Make an exact copy, from the records below, of the lines from the line containing "3.2ct Cushion Cut" to the line containing "- Zástěny v šířkách 700 až 1400 mm", both lines included, excluding pictures.

> Material for this exercise
================

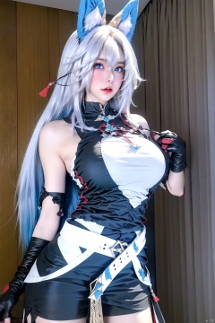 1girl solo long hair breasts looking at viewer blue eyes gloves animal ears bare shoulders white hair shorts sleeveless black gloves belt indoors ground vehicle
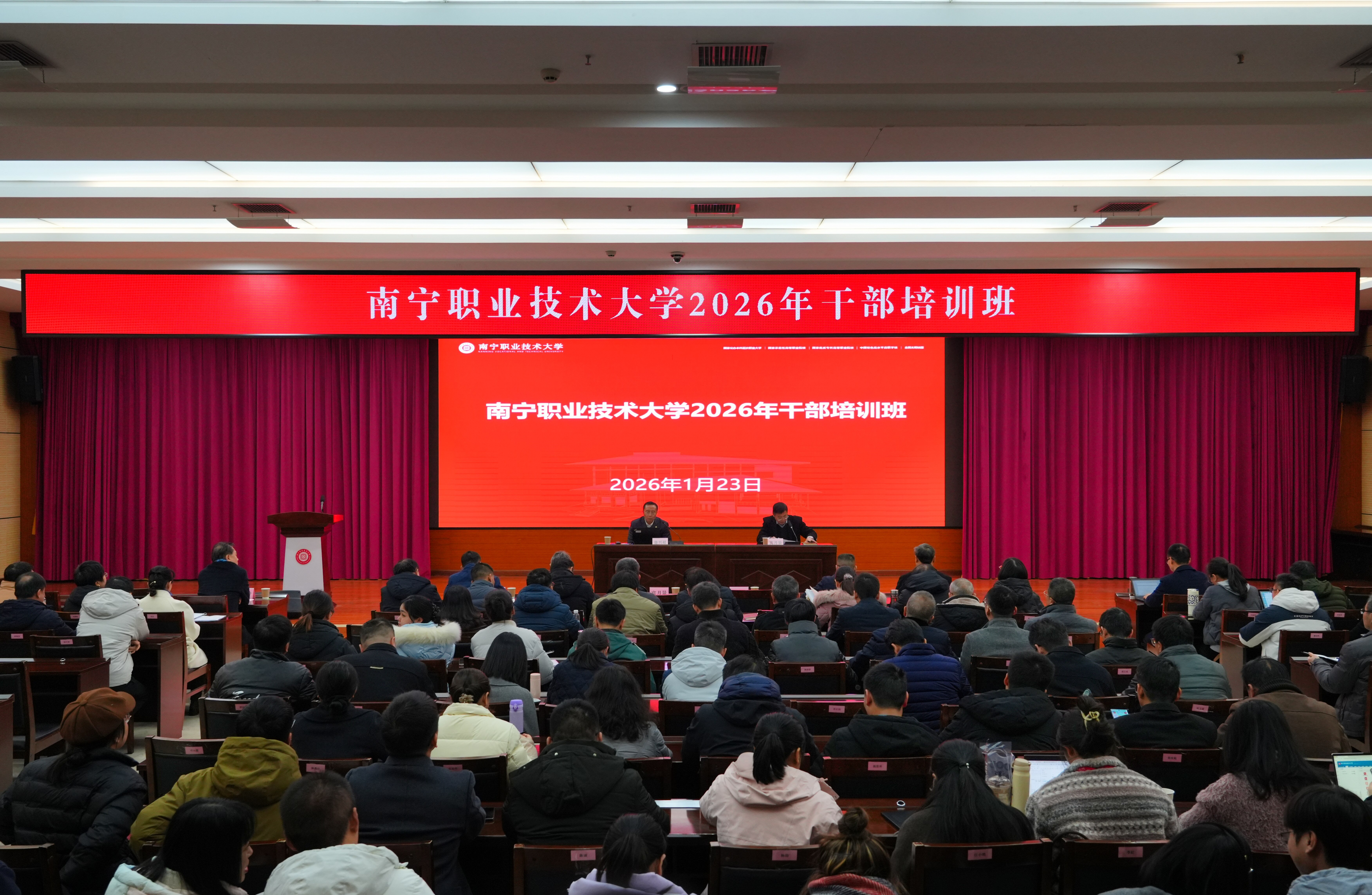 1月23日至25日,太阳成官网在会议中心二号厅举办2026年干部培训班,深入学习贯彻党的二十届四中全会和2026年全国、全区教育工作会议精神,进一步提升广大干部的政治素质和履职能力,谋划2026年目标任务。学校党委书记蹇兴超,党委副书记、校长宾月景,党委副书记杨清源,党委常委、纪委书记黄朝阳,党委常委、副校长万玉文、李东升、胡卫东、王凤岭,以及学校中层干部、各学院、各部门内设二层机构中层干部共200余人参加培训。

================

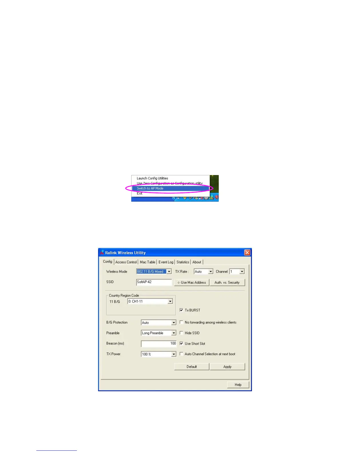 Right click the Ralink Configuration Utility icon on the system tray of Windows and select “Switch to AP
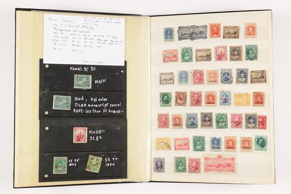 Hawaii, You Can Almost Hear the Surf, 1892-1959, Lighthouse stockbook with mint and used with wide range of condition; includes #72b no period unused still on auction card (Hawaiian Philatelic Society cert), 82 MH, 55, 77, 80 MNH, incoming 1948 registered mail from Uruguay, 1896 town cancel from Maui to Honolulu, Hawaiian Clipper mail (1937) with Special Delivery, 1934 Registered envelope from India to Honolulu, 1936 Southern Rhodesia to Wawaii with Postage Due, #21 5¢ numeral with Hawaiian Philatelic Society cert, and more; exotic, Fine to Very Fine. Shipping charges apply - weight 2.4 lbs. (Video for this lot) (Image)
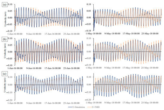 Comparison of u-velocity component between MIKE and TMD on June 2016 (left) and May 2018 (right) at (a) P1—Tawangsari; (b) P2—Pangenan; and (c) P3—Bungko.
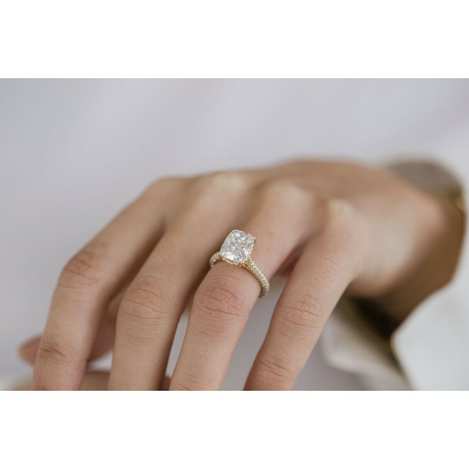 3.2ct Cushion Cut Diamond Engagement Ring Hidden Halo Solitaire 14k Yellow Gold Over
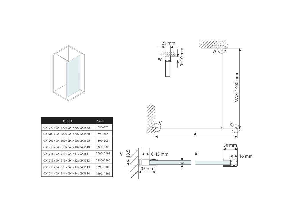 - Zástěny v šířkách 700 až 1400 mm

================

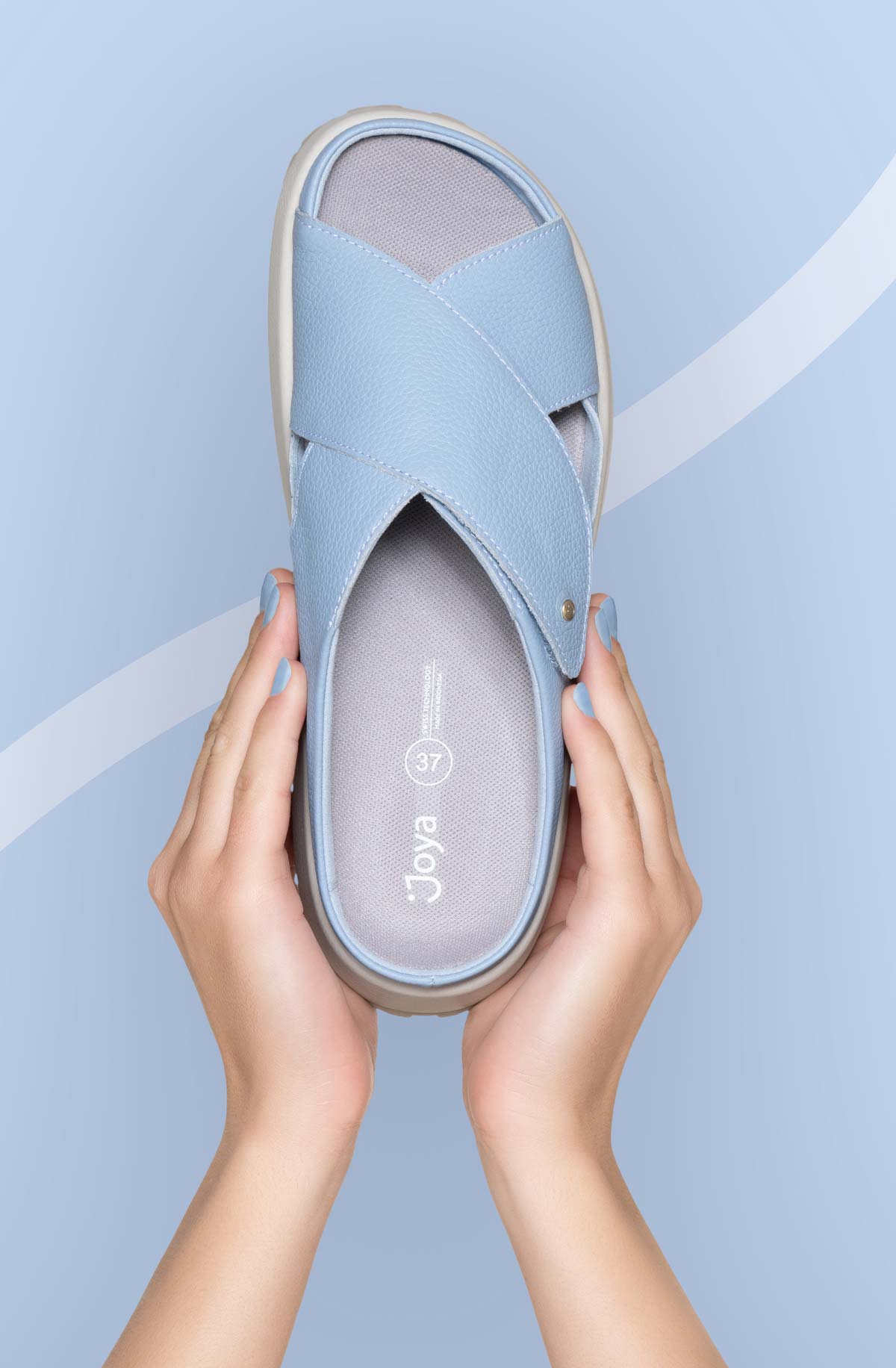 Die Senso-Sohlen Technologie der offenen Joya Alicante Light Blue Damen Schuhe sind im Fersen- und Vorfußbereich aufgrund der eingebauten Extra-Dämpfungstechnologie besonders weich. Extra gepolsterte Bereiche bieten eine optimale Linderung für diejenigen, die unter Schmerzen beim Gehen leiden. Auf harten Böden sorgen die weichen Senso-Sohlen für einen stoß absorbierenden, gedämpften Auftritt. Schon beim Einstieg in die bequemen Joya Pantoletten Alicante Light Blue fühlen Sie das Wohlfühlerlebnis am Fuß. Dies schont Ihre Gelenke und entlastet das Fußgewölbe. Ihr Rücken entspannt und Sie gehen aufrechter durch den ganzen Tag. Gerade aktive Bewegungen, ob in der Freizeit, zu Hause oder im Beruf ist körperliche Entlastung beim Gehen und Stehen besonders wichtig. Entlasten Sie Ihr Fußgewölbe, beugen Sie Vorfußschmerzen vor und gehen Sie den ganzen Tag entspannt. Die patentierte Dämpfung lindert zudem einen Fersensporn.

================

> Task answer
 3.2ct Cushion Cut Diamond Engagement Ring Hidden Halo Solitaire 14k Yellow Gold Over
 - Zástěny v šířkách 700 až 1400 mm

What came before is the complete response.